What to do
Reproduction of part of the material below, pictures omitted: copy exactly, and only, the lines starting with the one with "An 1880-S Morgan" and going on through the one with "ステイショナリーの試し書きの".

Study material
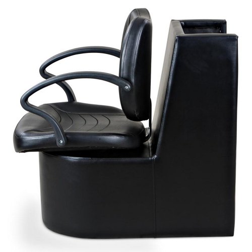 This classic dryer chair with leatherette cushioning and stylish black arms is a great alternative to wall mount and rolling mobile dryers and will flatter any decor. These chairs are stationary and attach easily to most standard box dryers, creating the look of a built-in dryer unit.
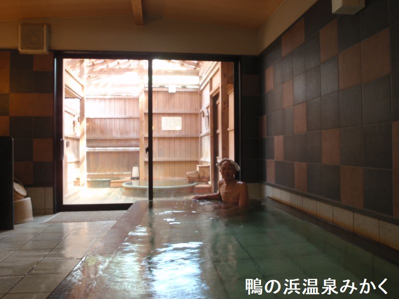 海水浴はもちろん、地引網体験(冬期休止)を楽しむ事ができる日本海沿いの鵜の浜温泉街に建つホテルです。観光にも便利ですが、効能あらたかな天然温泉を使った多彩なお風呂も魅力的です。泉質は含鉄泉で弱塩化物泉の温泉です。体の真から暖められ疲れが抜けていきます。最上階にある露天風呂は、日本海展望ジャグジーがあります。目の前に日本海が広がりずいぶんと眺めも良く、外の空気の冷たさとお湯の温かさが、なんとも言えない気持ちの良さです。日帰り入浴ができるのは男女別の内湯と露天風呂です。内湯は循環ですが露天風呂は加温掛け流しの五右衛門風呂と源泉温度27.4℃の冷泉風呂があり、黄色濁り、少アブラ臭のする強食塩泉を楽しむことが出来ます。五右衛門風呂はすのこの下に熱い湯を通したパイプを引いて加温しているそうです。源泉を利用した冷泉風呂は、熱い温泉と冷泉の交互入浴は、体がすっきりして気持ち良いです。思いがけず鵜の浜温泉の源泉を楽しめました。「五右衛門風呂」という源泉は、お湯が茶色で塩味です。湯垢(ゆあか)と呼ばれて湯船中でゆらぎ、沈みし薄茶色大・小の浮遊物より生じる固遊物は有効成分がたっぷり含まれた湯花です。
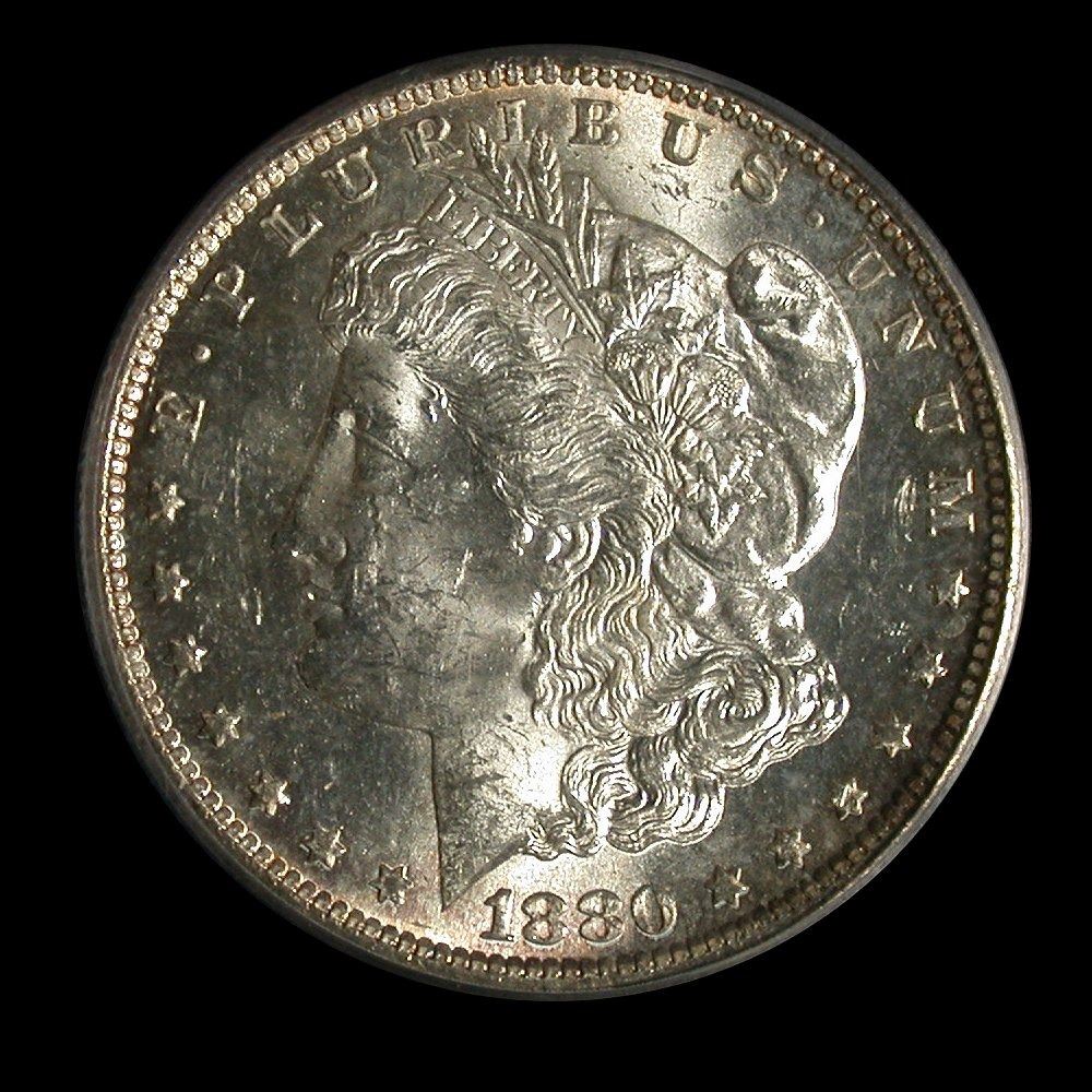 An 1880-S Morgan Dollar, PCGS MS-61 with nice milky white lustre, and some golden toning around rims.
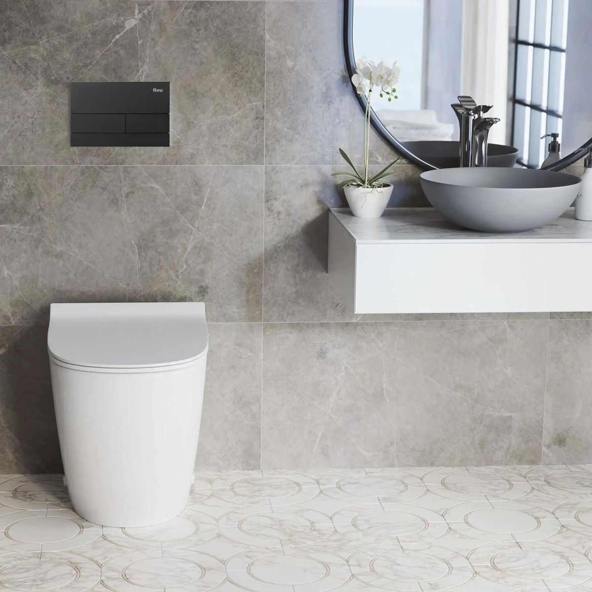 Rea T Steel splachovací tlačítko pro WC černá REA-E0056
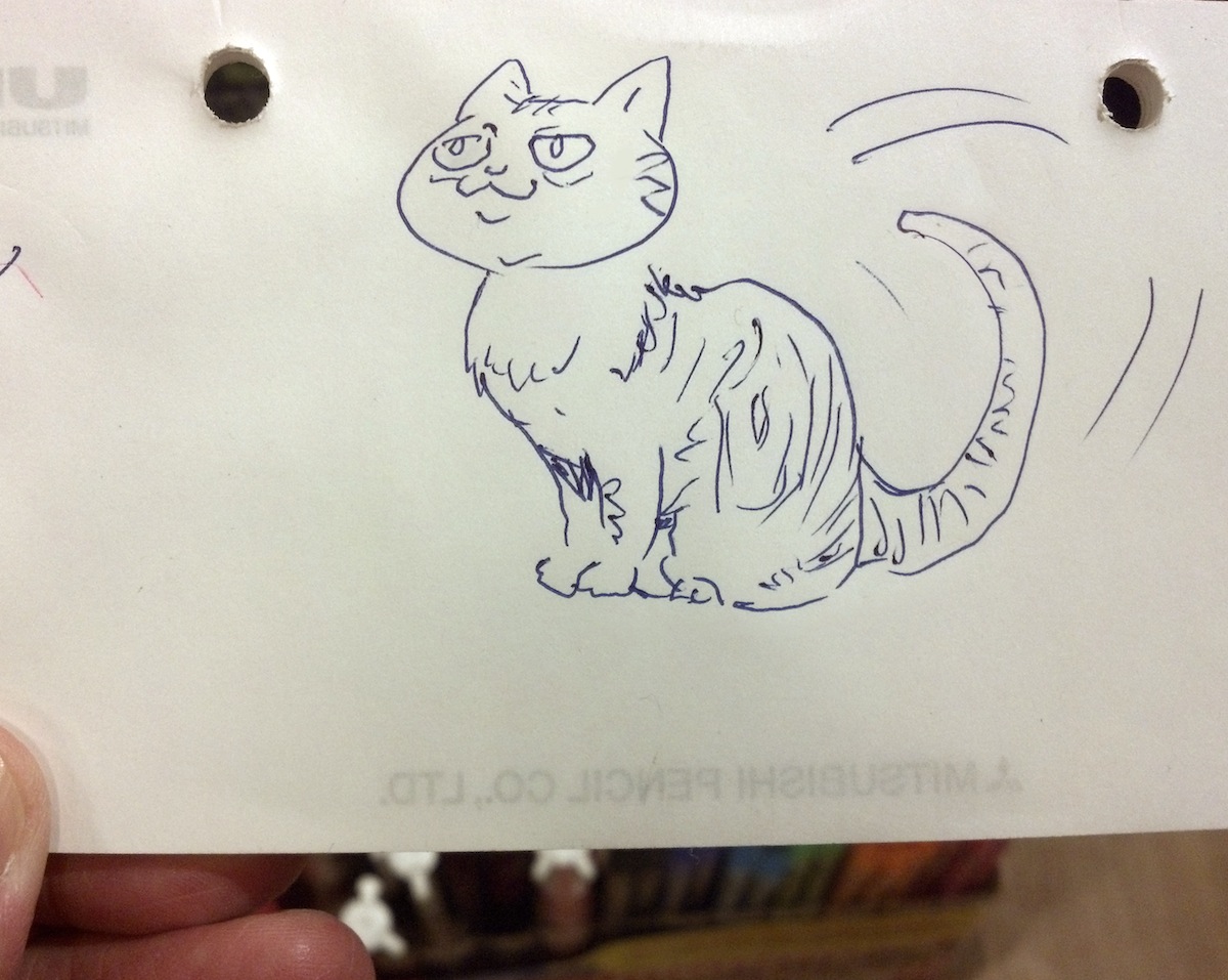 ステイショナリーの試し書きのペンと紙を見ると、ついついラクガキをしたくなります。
==
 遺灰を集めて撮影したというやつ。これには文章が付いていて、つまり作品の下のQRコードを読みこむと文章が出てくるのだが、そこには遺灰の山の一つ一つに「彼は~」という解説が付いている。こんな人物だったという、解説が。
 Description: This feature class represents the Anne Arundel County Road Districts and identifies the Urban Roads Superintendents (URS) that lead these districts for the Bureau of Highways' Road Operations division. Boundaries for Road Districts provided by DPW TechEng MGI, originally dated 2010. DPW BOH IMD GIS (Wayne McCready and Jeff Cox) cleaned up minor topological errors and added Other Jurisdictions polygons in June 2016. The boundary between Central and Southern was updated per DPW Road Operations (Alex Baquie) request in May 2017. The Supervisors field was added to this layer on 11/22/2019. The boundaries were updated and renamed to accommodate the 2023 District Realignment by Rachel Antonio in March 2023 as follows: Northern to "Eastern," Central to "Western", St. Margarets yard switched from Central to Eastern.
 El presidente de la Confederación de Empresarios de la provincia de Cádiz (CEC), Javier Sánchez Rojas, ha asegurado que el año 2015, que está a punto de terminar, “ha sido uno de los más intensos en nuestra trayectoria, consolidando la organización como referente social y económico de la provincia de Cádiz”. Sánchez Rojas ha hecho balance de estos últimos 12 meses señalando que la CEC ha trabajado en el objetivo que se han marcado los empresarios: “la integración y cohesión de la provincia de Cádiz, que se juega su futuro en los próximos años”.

Answer box
 An 1880-S Morgan Dollar, PCGS MS-61 with nice milky white lustre, and some golden toning around rims.
 Rea T Steel splachovací tlačítko pro WC černá REA-E0056
 ステイショナリーの試し書きのペンと紙を見ると、ついついラクガキをしたくなります。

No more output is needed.